Anfangs gingen die Demonstranten wegen eines strittigen Gesetzes auf die Strasse. Damit hätte China wieder mehr Einfluss auf die Stadt bekommen. Die grosse Angst vieler Hongkonger. Seit der Rückgabe an China 1997 wird Hongkong autonom regiert. Das will man in Peking offenbar ändern.
Bornsteins Studenten wurden verhaftet
Das geplante Gesetz brachte das Fass für viele endgültig zum Überlaufen. Sie wehren sich jetzt. Doch China lässt bisher nicht mit sich reden. Stattdessen würden immer die Polizisten vorgeschickt werden, um die Widerstände klein zu halten, so der Professor.

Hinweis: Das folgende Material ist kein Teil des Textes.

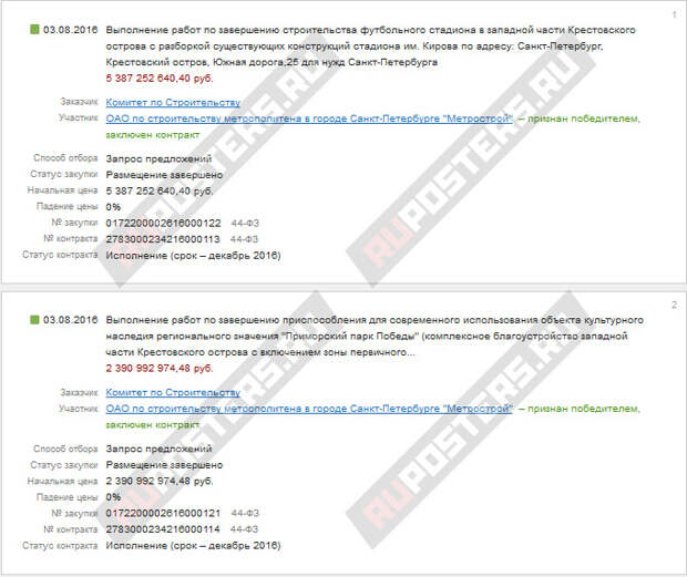 Новой компанией, которой с подачи вице-губернатора Санкт-Петербурга Игоря Албина поручили строительство стадиона, стало ОАО "Метрострой", получившее госзаказ на строительство стадиона в размере 7,8 миллиардов рублей. Учитывая, что на достройку стадиона оставалось 4 месяца, новый подрядчик должен был получать рекордную выручку – почти 2 миллиарда рублей ежемесячно, при готовности стадиона на 85%.
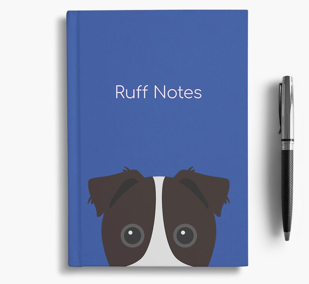 The front cover features our exclusive Border Jack peeking icon and is printed with the words, ‘Ruff Notes’, whilst the back is printed with the words ‘Live. Laugh. Woof.’.
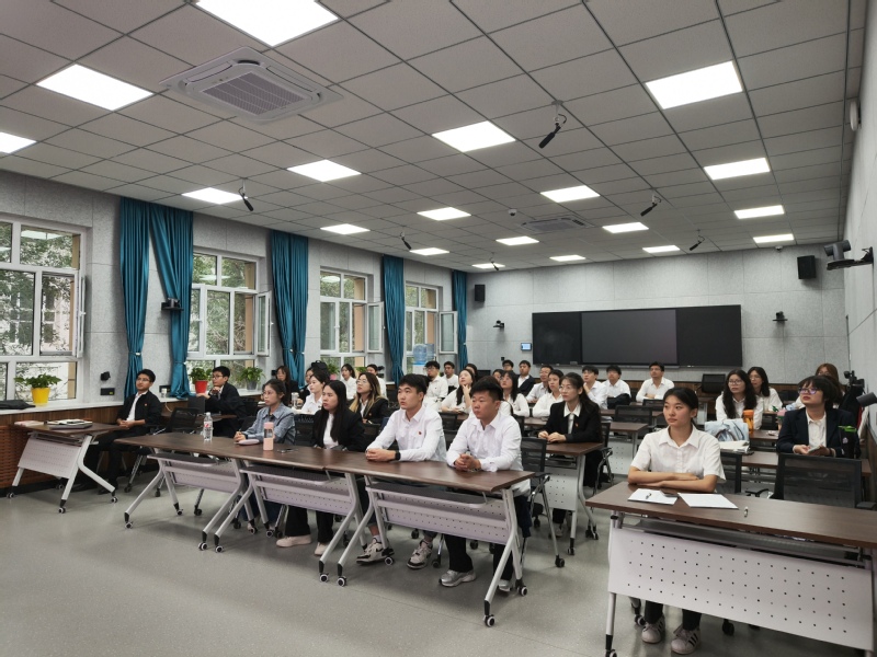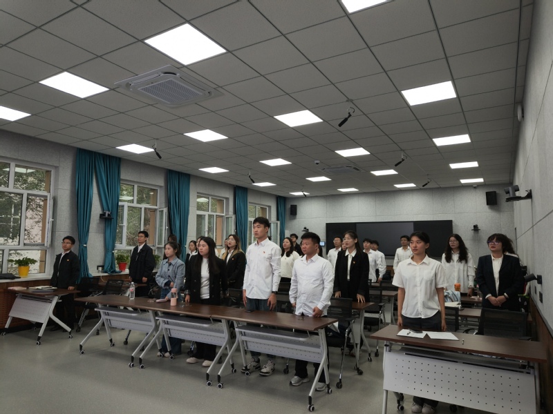 随着激昂的国歌声响起,屏幕中鲜艳的五星红旗冉冉升起,全体师生自觉全体起立,面向屏幕行注目礼,现场庄重而肃穆。升旗结束后,全体师生专注凝视屏幕,认真聆听习近平总书记发表的重要讲话。习近平总书记的讲话回顾了中国人民抗日战争的艰辛历程与伟大胜利,阐释了历史对当下与未来的深远启迪,强调要传承和弘扬伟大抗战精神,踔厉奋发、勇毅前行,为实现中华民族伟大复兴凝聚磅礴力量。教师与学生们时而凝神记录,时而沉思,深刻感悟着讲话中蕴含的历史厚重感与时代责任感。
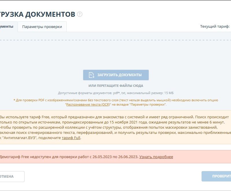 С 26 мая по 26 июня 2023 года возможность проверки документов на демотарифе Free в сервисе «Антиплагиат» будет временно приостановлена.

Eine Strategie, die bislang nicht aufging. Im Gegenteil: Die Scharmützel wurden immer schlimmer.
Die Folgen würden auch seine Studenten spüren. Einige wurden auf dem Weg zu einer Vorlesung verhaftet. Einfach so. Ohne Grund. Denn an den Krawallen seien sie nicht beteiligt gewesen, wie Bornstein betont. Ob sie mittlerweile frei sind, weiss er nicht.
Bisher wurde es noch nicht gefährlich für den Basler. Noch nicht. Die Angst ist gross, dass es in den nächsten Tagen einmal richtig knallt. Der Professor zu BLICK: «Ich bete darum, dass es nicht eskaliert.»